Perhaps I misunderstood what you meant by "similar characteristics".  I see
no reason to spend a bunch of time implementing full emulation for a device,
that isn't going to be used, just because it seems like a nice
intermediary step.

What specifically is it you're suggesting we do full emulation of?

> I'm also extremely sceptical of anything that only works in a kvm 
> environment.  
> Makes me think it's an unmaintainable hack, and almost certainly going to 
> cause you immense amounts of pain later.
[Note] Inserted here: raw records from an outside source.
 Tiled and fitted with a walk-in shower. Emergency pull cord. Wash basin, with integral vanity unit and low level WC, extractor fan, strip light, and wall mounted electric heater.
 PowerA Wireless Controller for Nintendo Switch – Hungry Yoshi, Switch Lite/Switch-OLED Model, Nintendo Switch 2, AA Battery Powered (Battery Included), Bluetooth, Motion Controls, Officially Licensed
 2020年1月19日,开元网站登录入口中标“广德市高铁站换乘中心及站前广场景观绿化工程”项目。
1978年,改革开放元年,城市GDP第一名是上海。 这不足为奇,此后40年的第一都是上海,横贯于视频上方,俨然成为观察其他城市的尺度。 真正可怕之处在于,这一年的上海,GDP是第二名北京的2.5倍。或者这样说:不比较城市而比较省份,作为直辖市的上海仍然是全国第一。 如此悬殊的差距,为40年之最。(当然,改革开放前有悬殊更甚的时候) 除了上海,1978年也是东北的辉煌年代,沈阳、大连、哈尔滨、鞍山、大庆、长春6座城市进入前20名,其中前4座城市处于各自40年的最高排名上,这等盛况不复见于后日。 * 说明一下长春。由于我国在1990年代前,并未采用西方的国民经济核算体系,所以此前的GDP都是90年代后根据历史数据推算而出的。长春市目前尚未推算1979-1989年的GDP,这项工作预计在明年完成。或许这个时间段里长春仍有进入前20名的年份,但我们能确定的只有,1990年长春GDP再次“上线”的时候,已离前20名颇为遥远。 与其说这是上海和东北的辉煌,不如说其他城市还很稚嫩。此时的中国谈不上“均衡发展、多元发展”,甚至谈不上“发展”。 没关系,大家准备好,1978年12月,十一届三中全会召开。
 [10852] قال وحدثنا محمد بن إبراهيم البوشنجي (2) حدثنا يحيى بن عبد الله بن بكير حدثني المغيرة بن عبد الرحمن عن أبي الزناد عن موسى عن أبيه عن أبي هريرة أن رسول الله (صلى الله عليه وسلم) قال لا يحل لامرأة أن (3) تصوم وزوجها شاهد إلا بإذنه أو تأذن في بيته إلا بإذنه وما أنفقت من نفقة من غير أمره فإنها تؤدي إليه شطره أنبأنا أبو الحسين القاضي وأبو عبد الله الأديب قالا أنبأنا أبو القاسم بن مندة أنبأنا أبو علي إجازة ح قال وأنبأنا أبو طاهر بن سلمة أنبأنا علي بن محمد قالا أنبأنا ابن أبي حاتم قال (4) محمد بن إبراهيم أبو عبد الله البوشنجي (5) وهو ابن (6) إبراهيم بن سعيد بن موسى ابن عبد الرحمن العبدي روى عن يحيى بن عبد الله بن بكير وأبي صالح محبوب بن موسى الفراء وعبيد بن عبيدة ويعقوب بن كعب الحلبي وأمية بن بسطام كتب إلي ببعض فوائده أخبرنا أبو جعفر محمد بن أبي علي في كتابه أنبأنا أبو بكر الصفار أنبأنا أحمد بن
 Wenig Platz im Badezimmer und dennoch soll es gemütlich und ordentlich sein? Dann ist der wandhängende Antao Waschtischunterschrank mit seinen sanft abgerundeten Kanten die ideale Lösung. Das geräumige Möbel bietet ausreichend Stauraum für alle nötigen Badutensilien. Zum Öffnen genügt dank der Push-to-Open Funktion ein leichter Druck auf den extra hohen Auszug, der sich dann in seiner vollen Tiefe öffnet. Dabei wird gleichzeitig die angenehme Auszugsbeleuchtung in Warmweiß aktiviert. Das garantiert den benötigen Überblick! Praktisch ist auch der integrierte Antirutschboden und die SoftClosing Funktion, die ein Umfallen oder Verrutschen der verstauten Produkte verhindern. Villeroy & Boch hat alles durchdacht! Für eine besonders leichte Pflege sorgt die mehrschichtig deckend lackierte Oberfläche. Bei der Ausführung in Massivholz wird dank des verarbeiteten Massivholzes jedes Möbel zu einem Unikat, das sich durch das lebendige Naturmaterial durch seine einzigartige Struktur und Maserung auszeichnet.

I believe the only part of the device assignment stuff we've implemented so
far that is KVM specific is the interrupt routing.  I'm open to ways of
routing the interrupts to qemu in the non-KVM case, as long as we can
bypass it when KVM is used.

I'm not sure what the use case is for direct assignment of a device in an
otherwise completely emulated guest, but perhaps there is one.
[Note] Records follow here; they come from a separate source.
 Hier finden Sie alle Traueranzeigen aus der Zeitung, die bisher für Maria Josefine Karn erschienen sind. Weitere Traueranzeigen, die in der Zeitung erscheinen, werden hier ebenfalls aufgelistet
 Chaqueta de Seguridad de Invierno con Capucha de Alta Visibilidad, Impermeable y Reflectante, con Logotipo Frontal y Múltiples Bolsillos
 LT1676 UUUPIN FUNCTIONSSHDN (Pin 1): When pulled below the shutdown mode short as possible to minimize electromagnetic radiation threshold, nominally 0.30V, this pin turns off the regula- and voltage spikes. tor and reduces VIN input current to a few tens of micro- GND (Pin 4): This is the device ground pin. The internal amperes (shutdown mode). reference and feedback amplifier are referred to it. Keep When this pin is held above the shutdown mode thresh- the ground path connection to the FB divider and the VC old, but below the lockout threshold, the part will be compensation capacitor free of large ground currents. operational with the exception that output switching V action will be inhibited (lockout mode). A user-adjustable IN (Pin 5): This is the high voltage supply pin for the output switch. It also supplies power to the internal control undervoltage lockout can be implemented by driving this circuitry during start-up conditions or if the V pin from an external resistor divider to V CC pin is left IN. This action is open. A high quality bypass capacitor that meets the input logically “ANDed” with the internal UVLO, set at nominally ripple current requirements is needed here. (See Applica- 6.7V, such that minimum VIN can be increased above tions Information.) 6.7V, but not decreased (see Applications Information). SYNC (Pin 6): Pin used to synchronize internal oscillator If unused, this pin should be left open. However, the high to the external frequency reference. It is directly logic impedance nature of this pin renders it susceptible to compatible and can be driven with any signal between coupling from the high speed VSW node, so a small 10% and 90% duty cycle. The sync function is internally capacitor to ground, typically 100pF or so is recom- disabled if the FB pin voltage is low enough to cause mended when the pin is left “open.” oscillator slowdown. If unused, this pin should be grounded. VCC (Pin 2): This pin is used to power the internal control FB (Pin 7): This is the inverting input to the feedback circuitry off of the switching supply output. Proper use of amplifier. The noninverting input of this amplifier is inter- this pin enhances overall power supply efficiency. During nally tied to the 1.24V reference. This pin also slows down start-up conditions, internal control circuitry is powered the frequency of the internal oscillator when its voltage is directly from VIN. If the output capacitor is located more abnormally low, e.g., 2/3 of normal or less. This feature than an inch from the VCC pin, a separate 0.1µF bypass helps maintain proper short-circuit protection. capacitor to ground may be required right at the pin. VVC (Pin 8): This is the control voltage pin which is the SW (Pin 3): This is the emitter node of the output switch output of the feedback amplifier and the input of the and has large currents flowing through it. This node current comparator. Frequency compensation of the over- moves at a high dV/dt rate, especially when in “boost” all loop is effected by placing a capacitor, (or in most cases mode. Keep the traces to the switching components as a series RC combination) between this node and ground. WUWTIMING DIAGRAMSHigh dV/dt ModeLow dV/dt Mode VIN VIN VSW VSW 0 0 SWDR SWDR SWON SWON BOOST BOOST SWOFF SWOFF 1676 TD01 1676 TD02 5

> > > I doubt you're going to get generic passthrough of arbitrary devices
> > > working in a useful way.
> > 
> > It's usefully working for us internally -- we're just trying to find a way
> > to improve it for upstream, with a better configuration mechanism.
> 
> I don't believe that either.  More likely you've got passthrough of device 
> hanging off your specific CPU bus, using only (or even a subset of) the 
> facilities provided by that bus.

There's nothing special about our "bus".  It's MMIO, DMA, and interrupts.

What specifically are you disbelieving?

> > > Basically you have to emulate  everything that is different between the
> > > host and guest.
> > 
> > Directly assigning a device means you don't get to have differences between
> > the actual hardware device and what the guest sees.  The kind of thin
> > wrapper you're suggesting might have some use cases, but it's a different
> > problem from what we're trying to solve.
> 
> That's the problem. You've skipped several steps and gone startigh for 
> optimization before you've even got basic functionality working.
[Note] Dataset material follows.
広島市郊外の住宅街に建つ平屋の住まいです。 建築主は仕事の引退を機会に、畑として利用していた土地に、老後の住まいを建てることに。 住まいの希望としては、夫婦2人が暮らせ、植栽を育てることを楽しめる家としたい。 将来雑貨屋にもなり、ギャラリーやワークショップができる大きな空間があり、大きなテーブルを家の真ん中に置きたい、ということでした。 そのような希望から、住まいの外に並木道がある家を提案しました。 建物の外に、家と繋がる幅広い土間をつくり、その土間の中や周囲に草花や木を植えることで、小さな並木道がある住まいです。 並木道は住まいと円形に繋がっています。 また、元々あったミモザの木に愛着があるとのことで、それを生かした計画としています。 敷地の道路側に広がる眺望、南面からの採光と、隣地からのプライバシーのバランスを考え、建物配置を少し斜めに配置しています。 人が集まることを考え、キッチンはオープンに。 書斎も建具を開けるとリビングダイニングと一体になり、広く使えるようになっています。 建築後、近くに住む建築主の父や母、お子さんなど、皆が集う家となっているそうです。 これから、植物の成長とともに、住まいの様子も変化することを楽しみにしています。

This is the basic functionality -- assign a piece of hardware to the
guest with minimal overhead.  Why go through contortions to construct some
intermediate phase that nobody's interested in using?

> You've also missed the point I was making.  In order to do device passthrough 
> you need to define a boundary allong which the emulated machine state can be 
> fully replicated on the host machine.  Anything inside this boundary is (by 
> definition) that same on both the host and guest systems (we're effectively 
> using host hardware to emulate a device for us). Outside that boundary the 
> host and guest systems will diverge.

I'm still not sure what the point is, then.  By directly assigning the
device the user is placing everything about the device on the "same as
host" side of that boundary.

We're not using host hardware to emulate a device, we're using host
hardware to send and receive packets under control of the guest.
Whatever hardware that is, the guest will deal with it, just as if the
guest weren't running in a vm.

> For a device that merely responds to CPU initiated MMIO transfers this is 
> pretty simple, it's the point at which MMIO transfers are generated. So the 
> guest gets a proxy device that intercepts accesses to that memory region, and 
> the host proxies some way for qemu to poke values at the host device.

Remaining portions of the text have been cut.